▶ [WHAT YOU HAVE TO DO]:
Once you have found the line with "放大器增益與光纖中存儲(ch" in the records below, retype it and every line after it to the end exactly, with no pictures and nothing more.

Items listed in a dataset

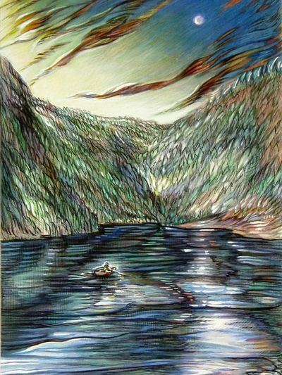 The inky waters reflect the pearly light of the moon, and in that light, we can see a lone boatman rowing in the lake. The lonely figure intensifies the feeling of desolation and isolation that a viewer would experience if directly present in the scene. Marion Boddy-Evans (About.com Painting) writes about the intense emotion created in the viewer which is equal to the emotion felt by the artist who witnessed the scene. The glowing pine forests, reflecting the dying light of the sun, and the darkening sky have been realistically caught in the picture. Here the deepening night sky reflects its gloomy darkness in the water, which is calm and placid. Using a variety of blue and green tones, the late hour of the evening has been depicted, to show the deepening dusk-time.
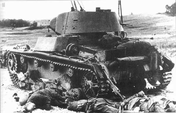 Немецкая подпись на обратной стороне фотографии :»Экипаж русского танка, который на своей горящей машине переехал немецкое противотанковое орудие вместе с расчётом. Днепр, сентябрь 1941
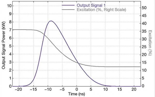 放大器增益與光纖中存儲(chǔ)的大量激發(fā)能量有關(guān)。這可用于脈沖放大。事實(shí)上,通常只需一個(gè)脈沖就能提取其中的大部分能量。這發(fā)生在脈沖能量高于給定飽和能量的情況下,有時(shí)甚至高達(dá)數(shù)十毫焦。在脈沖放大過(guò)程中,增益會(huì)急劇下降,從而扭曲時(shí)間脈沖的形狀。
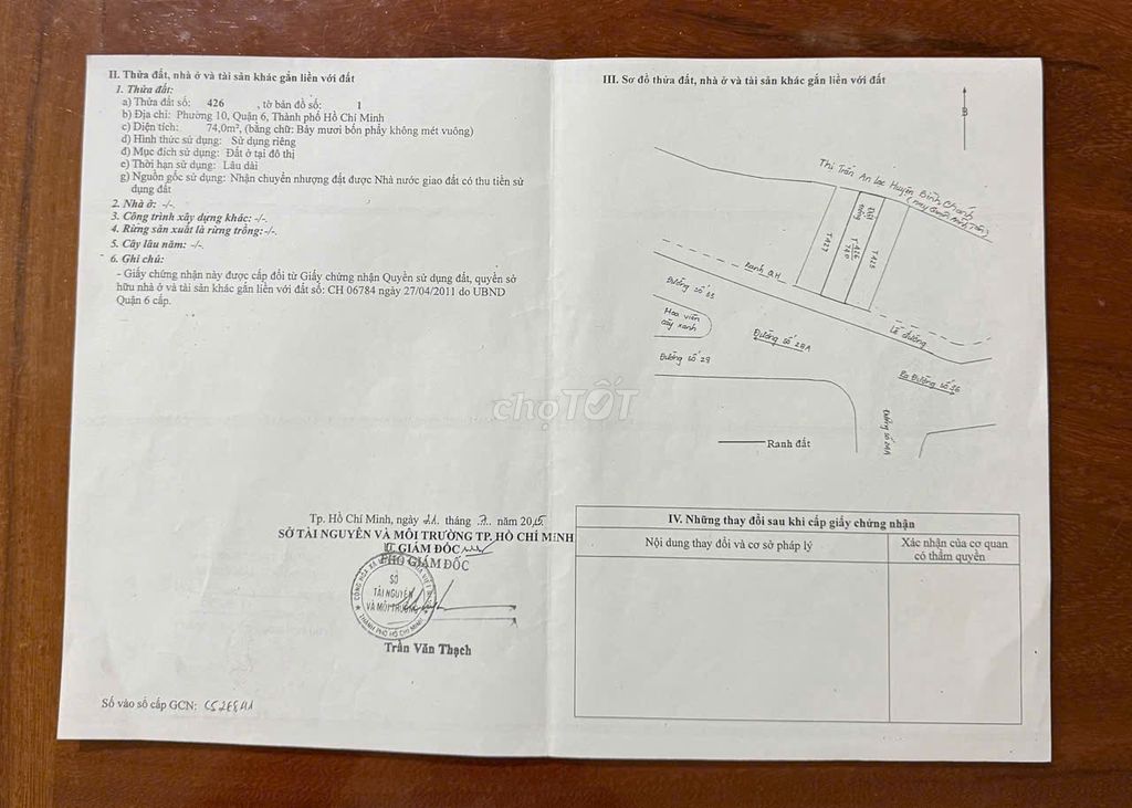 Đất sổ hồng 74m2 - Đường Số 33, Phường 10, Quận 6 (Chính Chủ)
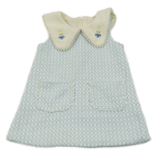 Světlemodro-bílé vzorované vlněné zateplené šaty s límečkem se zajíčky a korálky
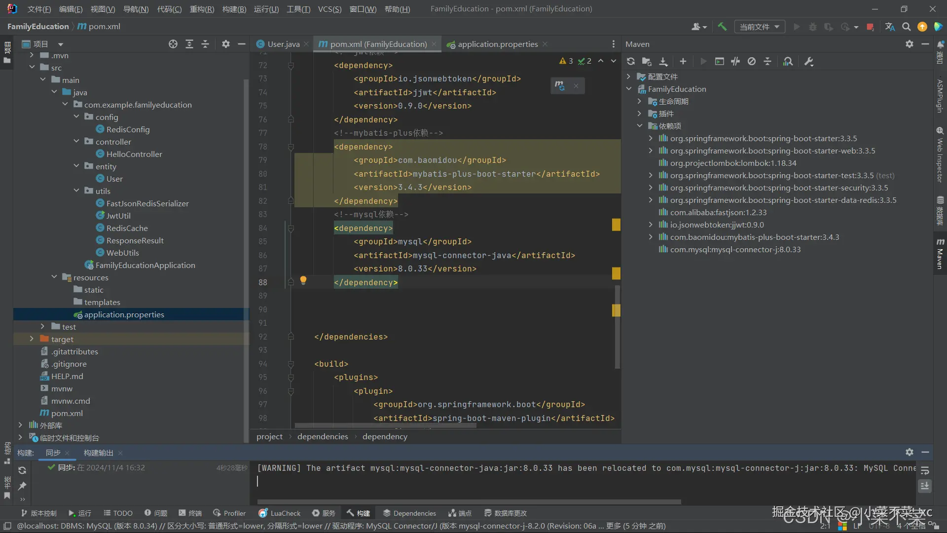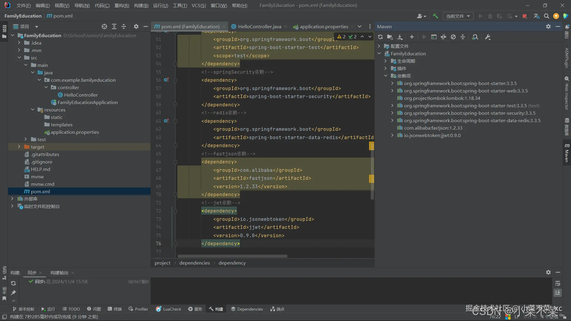 我们先添加一下redis、fastjson、jwt的依赖同时去右侧maven进行检查
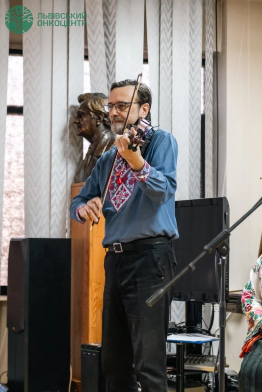 Генеральний директор Львівського онкоцентру Олег Дуда подякував виконавцям та керівництву Львівської національної філармонії імені Мирослава Скорика за неймовірний концерт для усіх працівників онкоцентру.
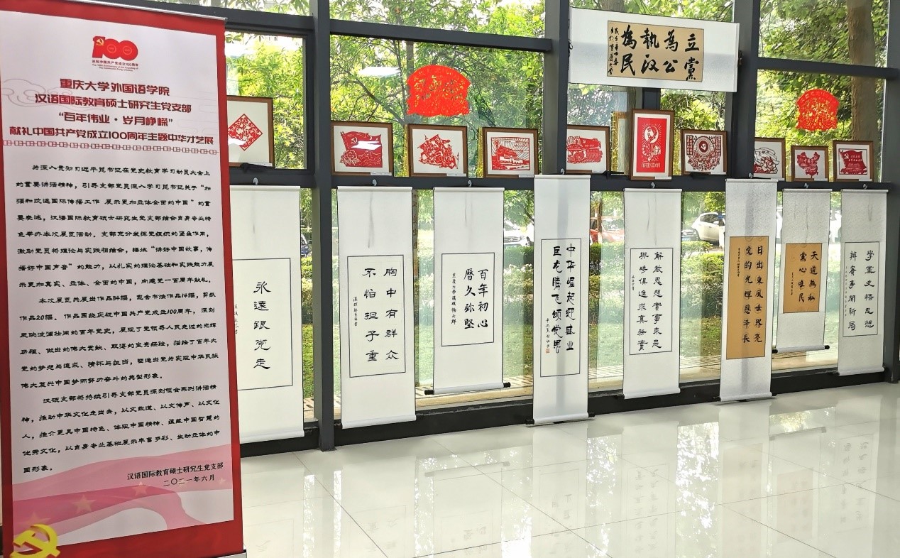 本次展览中,汉语国际教育硕士研究生党支部共展出作品34幅,包含书法作品14幅,剪纸作品20幅。作品围绕庆祝中国共产党成立100周年,深刻反映波澜壮阔的百年党史,展现了党领导人民走过的光辉历程、做出的伟大贡献、取得的宝贵经验,描绘了百年大党的梦想与追求、情怀与担当。本次活动中,支部充分发挥党组织的堡垒作用,激励党员将理论与实践相结合,锤炼“讲好中国故事,传播好中国声音”的能力,以扎实的理论基础和实践能力展示更加真实、立体、全面的中国,献礼建党100周年。
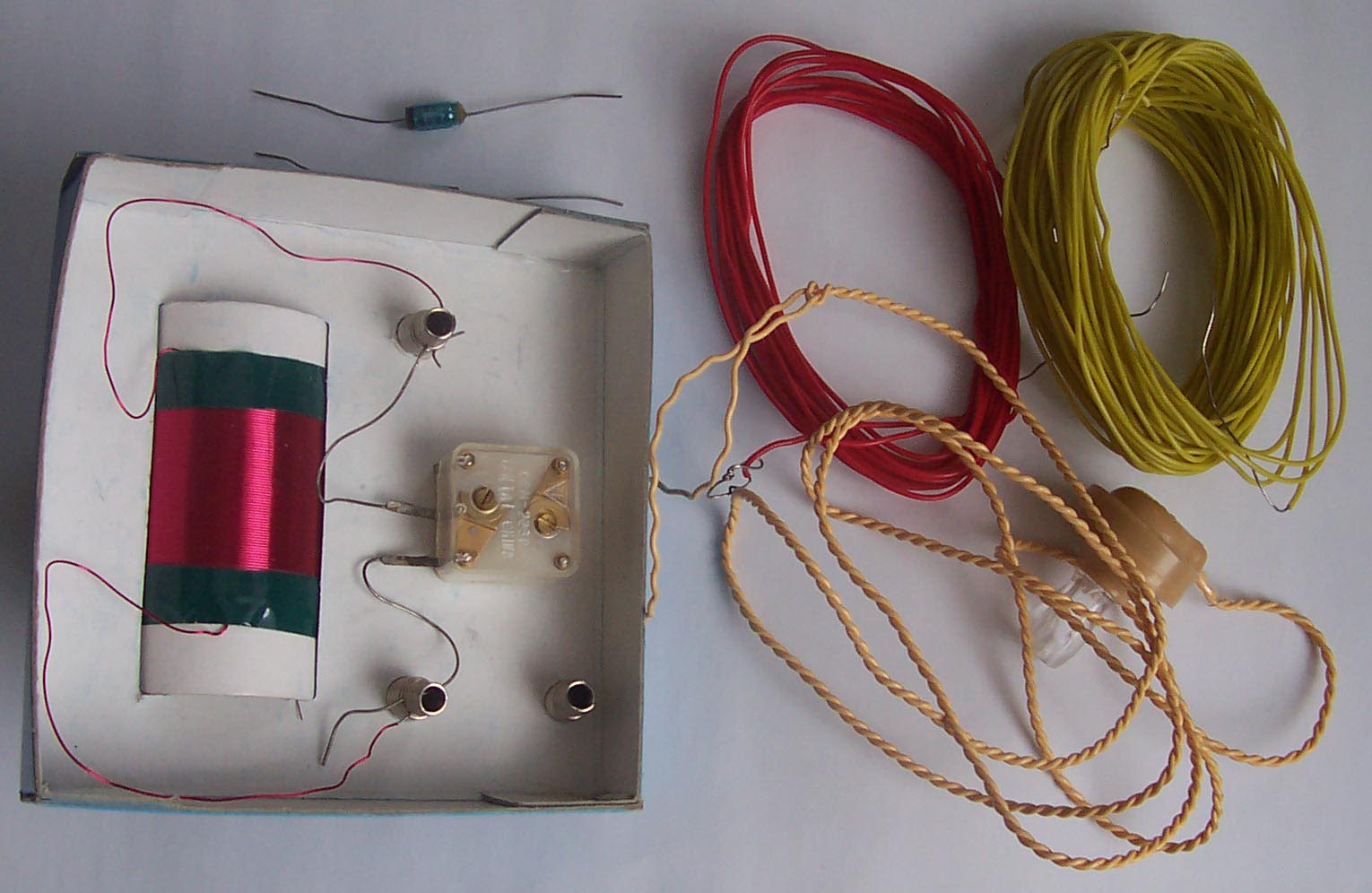 ja wohl wahr...aber für die Detektorkuriositätensammlung ist das doch ein kleines Highlight...denn es gibt kaum noch Spielzeughersteller die sich damit beschäftigen. Ein Schiebespulendetektor habe ich mal auf einer Holzspielzeugseite gesehen. Dieser Kosmoskasten "Detektorstart" ist ähnlich im Aufbau ...aber etwas robuster. Das Lustigste was es in dieser Art gibt, ist eine Detektorpostkarte (USA 50er) Alles drin, Diode, Pappdrehko und Spinnennetzspule. Das Ganze zum Aufklappen und hinstellen.

▶ [FINISHED EXERCISE]:
 放大器增益與光纖中存儲(chǔ)的大量激發(fā)能量有關(guān)。這可用于脈沖放大。事實(shí)上,通常只需一個(gè)脈沖就能提取其中的大部分能量。這發(fā)生在脈沖能量高于給定飽和能量的情況下,有時(shí)甚至高達(dá)數(shù)十毫焦。在脈沖放大過(guò)程中,增益會(huì)急劇下降,從而扭曲時(shí)間脈沖的形狀。
 Đất sổ hồng 74m2 - Đường Số 33, Phường 10, Quận 6 (Chính Chủ)
 Světlemodro-bílé vzorované vlněné zateplené šaty s límečkem se zajíčky a korálky
 我们先添加一下redis、fastjson、jwt的依赖同时去右侧maven进行检查
 Генеральний директор Львівського онкоцентру Олег Дуда подякував виконавцям та керівництву Львівської національної філармонії імені Мирослава Скорика за неймовірний концерт для усіх працівників онкоцентру.
 本次展览中,汉语国际教育硕士研究生党支部共展出作品34幅,包含书法作品14幅,剪纸作品20幅。作品围绕庆祝中国共产党成立100周年,深刻反映波澜壮阔的百年党史,展现了党领导人民走过的光辉历程、做出的伟大贡献、取得的宝贵经验,描绘了百年大党的梦想与追求、情怀与担当。本次活动中,支部充分发挥党组织的堡垒作用,激励党员将理论与实践相结合,锤炼“讲好中国故事,传播好中国声音”的能力,以扎实的理论基础和实践能力展示更加真实、立体、全面的中国,献礼建党100周年。
 ja wohl wahr...aber für die Detektorkuriositätensammlung ist das doch ein kleines Highlight...denn es gibt kaum noch Spielzeughersteller die sich damit beschäftigen. Ein Schiebespulendetektor habe ich mal auf einer Holzspielzeugseite gesehen. Dieser Kosmoskasten "Detektorstart" ist ähnlich im Aufbau ...aber etwas robuster. Das Lustigste was es in dieser Art gibt, ist eine Detektorpostkarte (USA 50er) Alles drin, Diode, Pappdrehko und Spinnennetzspule. Das Ganze zum Aufklappen und hinstellen.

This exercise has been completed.